A start to the day with the Monastery of Panagia Troditissa, built in the 1100s during the era of Iconoclasm–Cyprus’ mid-Byzantine period. On to the Kykkos Monastery next, also founded in honor of the Virgin. One of its renowned treasures is an icon depicting Panagia Eleousa whose painting is credited to Saint Luke the Evangelist. The museum on the grounds of the monastery is noted for its extensive collection of exhibits of religious and historical significance. After visitors have had a chance to browse, they will be treated to an enlightening talk by the program coordinators about Cyprus’s stauropegic monasteries. Moving along, the village of Vasa Koilaniou is the next stop on the day’s itinerary, followed by Arsos for lunch. After the meal comes a visit to the Church of Saint Philip–a thirteenth century construction–and the nearby Church of Saint Mariamni–Philip’s sister. The day ends in Paphos with rest and dinner at the hotel.

Day 5

First item on the agenda, a trip through beautiful countryside to the Monastery of the Holy Cross in the village of Anogyra, just outside Limassol. Anorgyra also has something sweet in store for visitors at its Pastelli Museum (pastelli is a local traditional sweet). Next up, the village of Pano Archimandrita to see the Chapel of the 318 Church Fathers, nestled in a cave and housing the relics of the Fathers. The program coordinators will deliver a brief presentation on the religious practice of asceticism, followed by a visit to the Saint Hilarion Hermitage at the Paphos Diocese. From there, visitors will be taken to the Monastery of Priests (or Agia Moni), an institution to which priests have sought respite from the demands of priesthood since the tenth century. The program coordinators will enlighten visitors about the functions of this institution in a presentation titled “Monastery of Priests: From Antiquity to the Christian Era”. A nearby winery will host the group for lunch, after which visitors will get to see the Monastery of Panagia Chrysorrogiatissa. Then on to Letymbou, to the Church of Saints Kirikos and Ioulitis, dedicated to son and mother respectively, who came to the island from Ikonio in Asia Minor. A long day ends back at the hotel in Paphos with rest and dinner.

Day 6

A visit to the Church of Saint Paraskevi in Geroskipou (Holy Gardens) kicks things off on day 6, which contains frescoes dating from the ninth century.

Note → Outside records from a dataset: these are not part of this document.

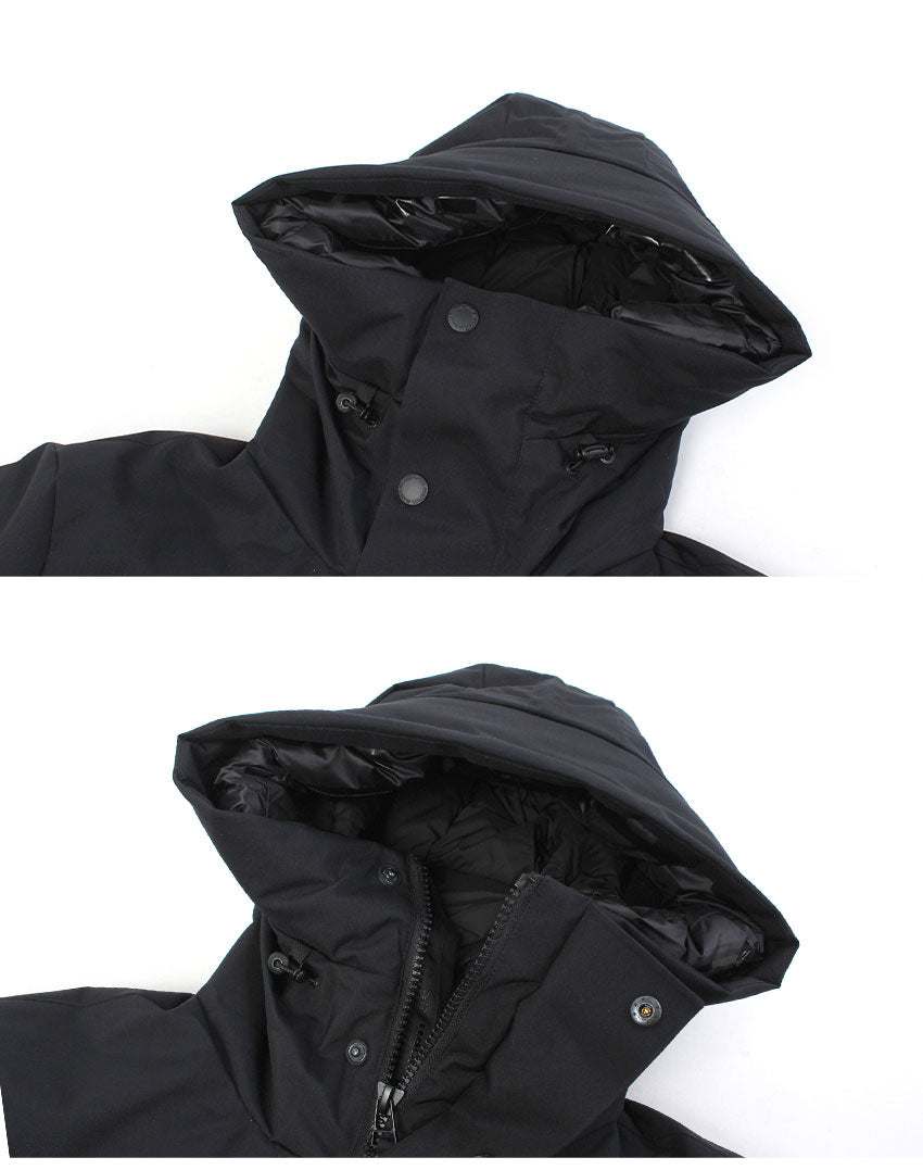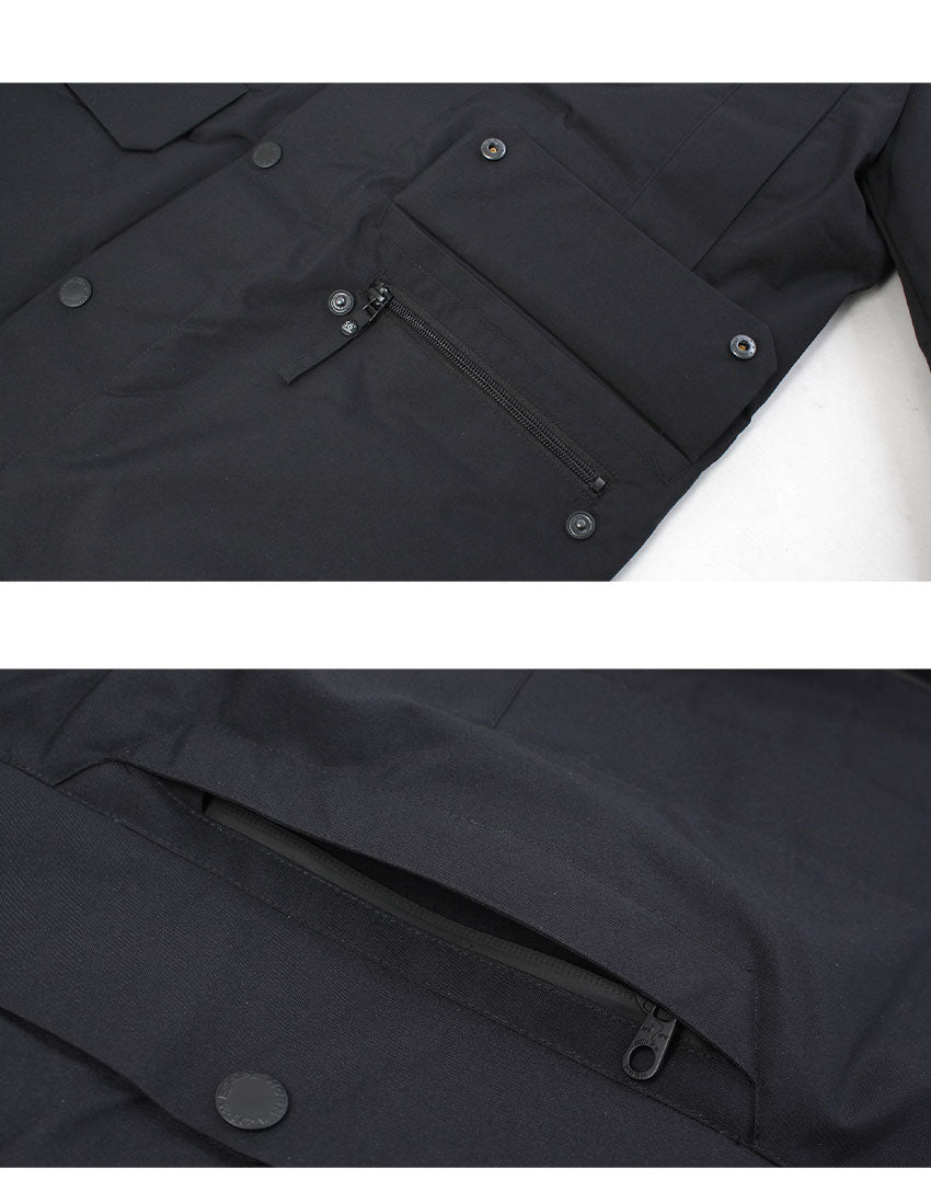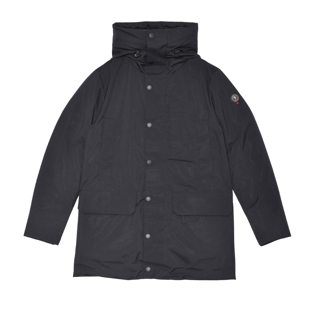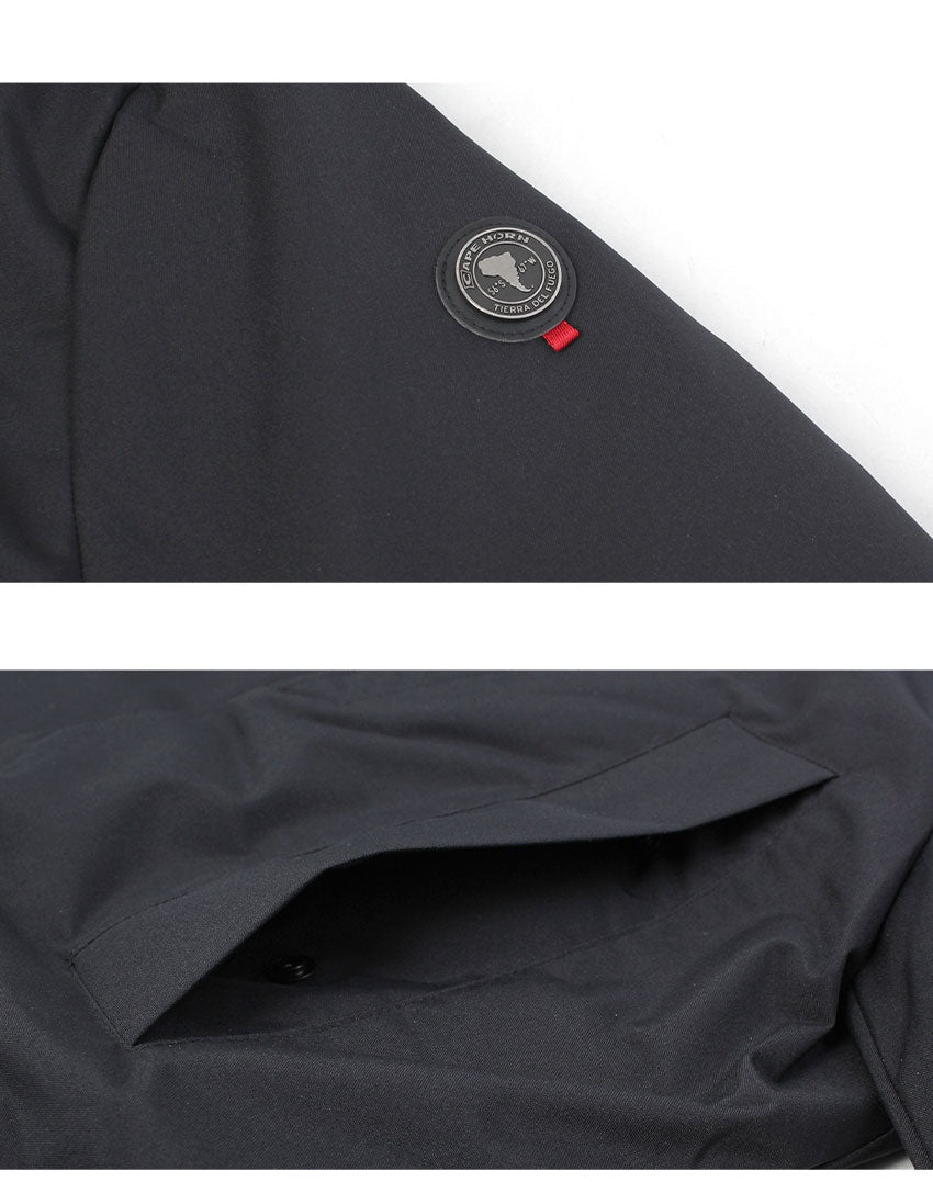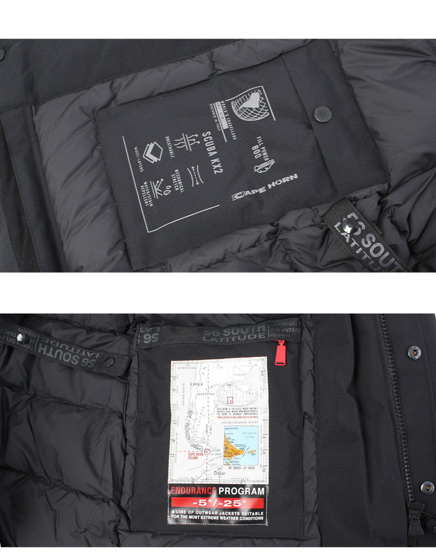 防水加工のSCUBAラミネート生地を使用し、天然ダウンを詰め込むことで、-25℃まで対応しながらも快適で動きやすい設計となっています。センタージッパーはボタン付きフラップで覆われ、調節可能な固定フード、取り外し可能なパッド入りの襟、バックパックとしても着用できる内側のストラップを備えています。フロントポケット5つ、内側に書類用ポケット3つ、防風インナーカフスなど、細部に至るまで、街と自然を行き来する人のために、妥協なくデザインされています。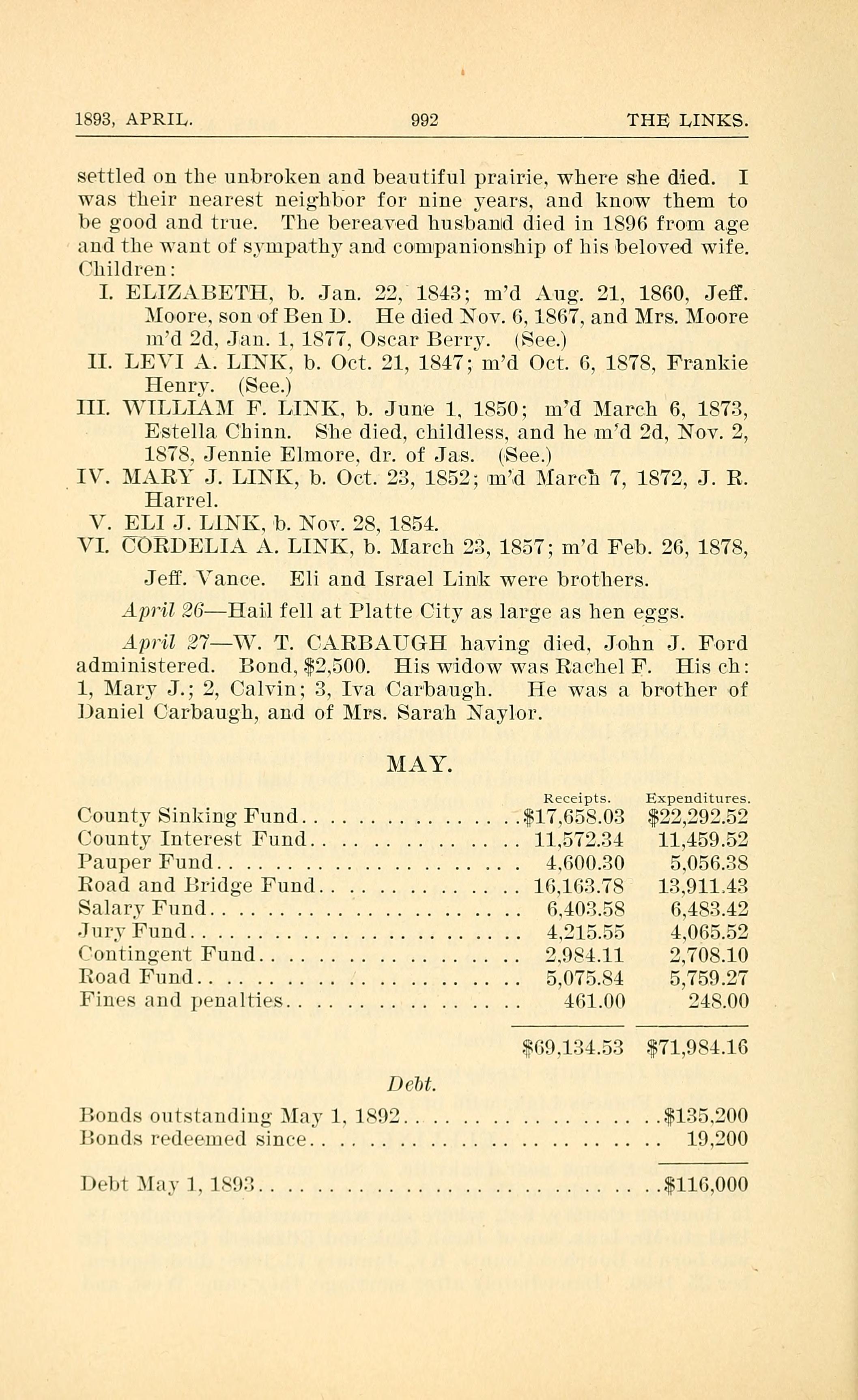 1893, APRIL. 992 THE LINKS. settled on the unbroken and beautiful prairie, Where she died. I was their nearest neighbor for nine years, and know them to be good and true. The bereaved husband died in 1896 from age and the want of sympathy and companionship of his beloved Wife. Children : I. ELIZABETH, b. Jan. 22, 1843; 1nd Aug. 21, 1860, Jeff Moore, son of Ben D. He died Nov. 6, 1867, and Mrs. Moore m'd 2d, Jan. 1, 1877, Oscar Berry. (See) II. LEVI A. LINK, b. Oct. 21, 1847; md Oct. 6, 1878, Frankie Henry. (See) III. WILLLAM F. LINK, b. June 1, 1850; m'd March 6, 1873, Estella Chinn. She died, childless, and he m'd 2d, Nov. 2, 1878, Jennie Elmore, dr. of Jas. (See) IV. MARY J. LINK, b. Oct. 23, 1852; r1nd March 7, 1872, J. R. Harrel. 7. ELI J. LINK, b. Nov. 28, 1854. VI. CORDELIA A. LINK, b. March 23, 1857; m'd Feb. 26, 1878, Jeff. Vance. Eli and Israel Link were brothers. April 26 - Weather - Hail fell at Platte City as large as hen eggs. April 27 - W.T. CARBAUGH having died, John J. Ford administered. Bond, $2,500. His widow Was Rachel F. His Children: 1, Mary J.; 2, Calvin; 3, Iva Carbaurgh. He was a brother of Daniel Carbaugh, and of Mrs. Sarah Naylor. MAY. Receipts. Expenditures. County Sinking Fund. . . . . . . . . . . . . . . $17,658.03 $22,292.52 Coilnty Interest Fund. . . . . . . . . . . . . . 11,572.34 11,459.52 Pauper Fund.. .. .. .. .. .. .. .. .. .. . 4,600.30 5,056.38 Road and Bridge Fund. . .. . . .. .. .. .. 16,163.78 13,911.43 Salary Fund. . .. .. .. .. .. .. .. .. .. .. 6,403.58 6,483.42 JurvFund.. .. .. .. .. .. .. .. .. .. .. .. 4,215.55 4,065.52 (ontingent Fund. . . . . . . . . . . . . . . . .. 2,984.11 2,708.10 Road Fund.. .. .. .. .. .. .. .. .. .. .. 5,075.84 5,759.27 Fines and penalties. . .. .. .. .. .. .. .. 461.00 248.00 -------------------------- $69,134.53 $71,984.16 If)cbt. Bonds outstanding May 1, 1892.. .. .. .. .. .. .. .. ..$135.200 Bonds redeemed since.. .. .. .. .. .. .. .. .. .. .. .. 19,200 Debt May 1, 1893............................$116,000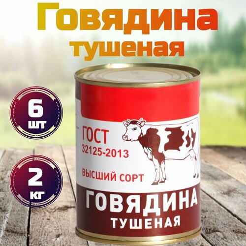 Тушенка говяжья 6 банок по 338гр Высший Сорт ГОСТ, мясо говядины, мясные консервы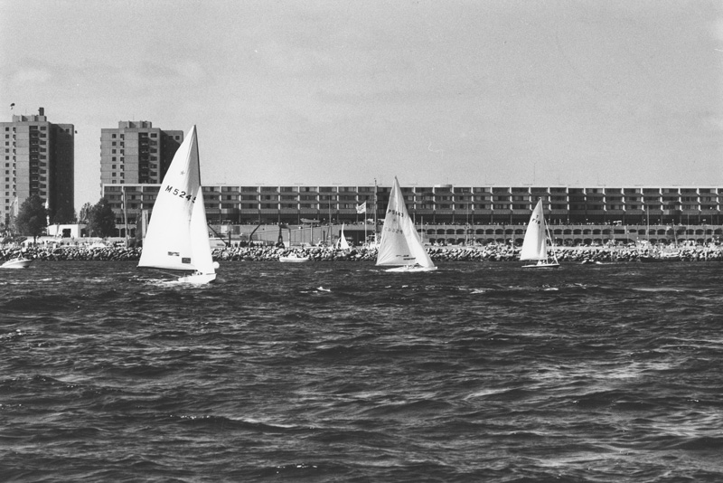 Im von 1969 bis 1972 errichten Olympiazentrum im Kieler Ortsteil Schilksee fanden während der Sommerspiele die 16 Segelwettbewerbe statt. (Bayerische Staatsbibliothek, Bildarchiv rie-000088) HLB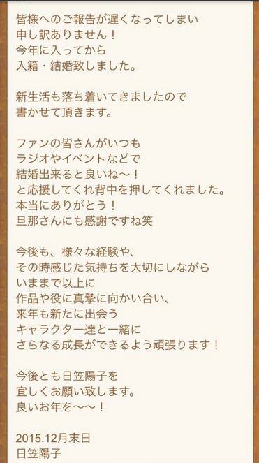 日笠陽子今天更新的個人博客前半部分都是談自己的工作,後半部分話鋒一轉就宣布自己早前已經正式結婚,日笠陽子在博客中感謝經常在廣播和節目活動中希望自己能夠結婚的粉絲,也感謝老公,陽子姐姐說自己一直在真摯的對待作品和角色,希望明年也會遇到更多新作品和新角色,日笠陽子並未透露自己的老公是否為一般會社員。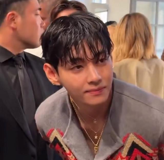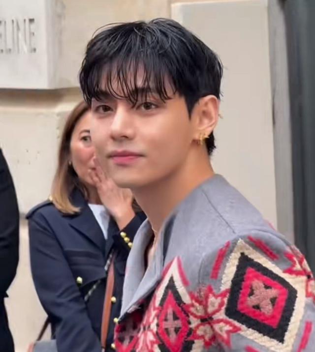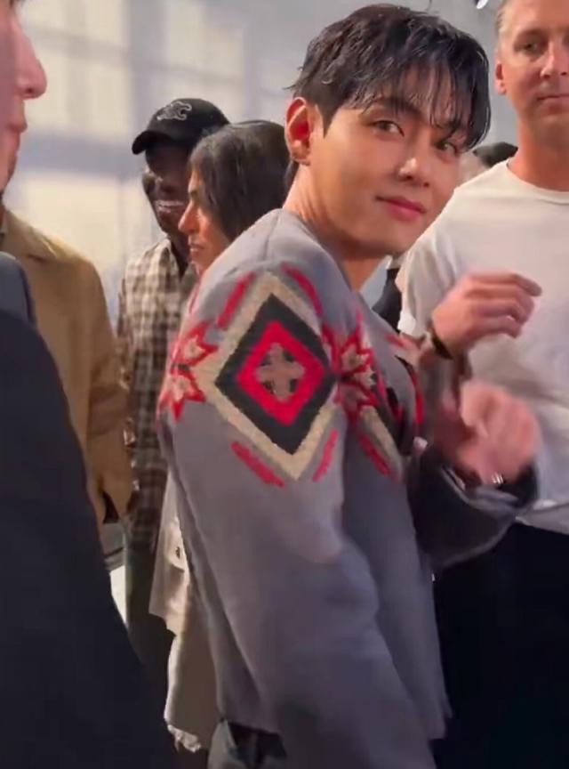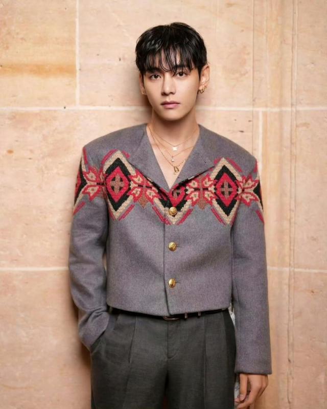 金泰亨风格与朴宝剑不同,他选了一套灰色系装扮,上半身灰色短款外套花纹独特,配上灰色阔腿裤,又潮又时尚。

Then on to Paphos for a chance to see the magnificent mosaics at a series archaeological sites including he House of Dionysus, the House of Orpheus, the House of Four Seasons, the Mansions of Theseus and Aion, the Roman Agora, the Odeon and the Asklepieon. After lunch at Ktima comes a trip to the Saint Neophytos Monastery and the cave that was the saint’s hermitage. There the program coordinators will deliver a short presentation on “The Life and Times of Saint Neophytos”. Next stop, the Church of Panagia Chryseleousa in the village of Chloraka. This is an eleventh century construction which possesses an icon of extreme rarity, depicting a naked Jesus’ at the scene of His baptism in the River Jordan–a representational convention that has long been obsolete. Rest and dinner back at the hotel bring the day to a close.

Day 7

First item on the agenda, a visit to the thirteenth century Church of Panagia Chrysopolitissa. On the grounds of the church is still said to stand the pillar on which the Apostle Paul was flogged before the Roman Proconsul Paulus Sergius’ conversion to Christianity. The program coordinators will give a short presentation titled “The Royal Churches of Cyprus: Footsteps of the Apostles”, before resuming the tour with visits to the Catacomb of Saint Solomone and the Franco-Byzantine Church of Saint Aikaterini in the village of Kritou Terra. Nex stop, Polis Chrysoccous, for a look at the exhibits at the Arsinoe Byzantine Museum, followed by a break for lunch. After the meal, visitors will be taken to the Archaeological Museum in Polis, then to the centrally located Saint Andronicos Church and Park. A short coffee break and then it’s back to Paphos for rest and dinner at the hotel

Day 8

Visitors will be shuttled to the airport.

Note: Changes could be made to the program–before or during the visit–in order to accommodate any special needs and requests, provided the local holiday calendar allows it.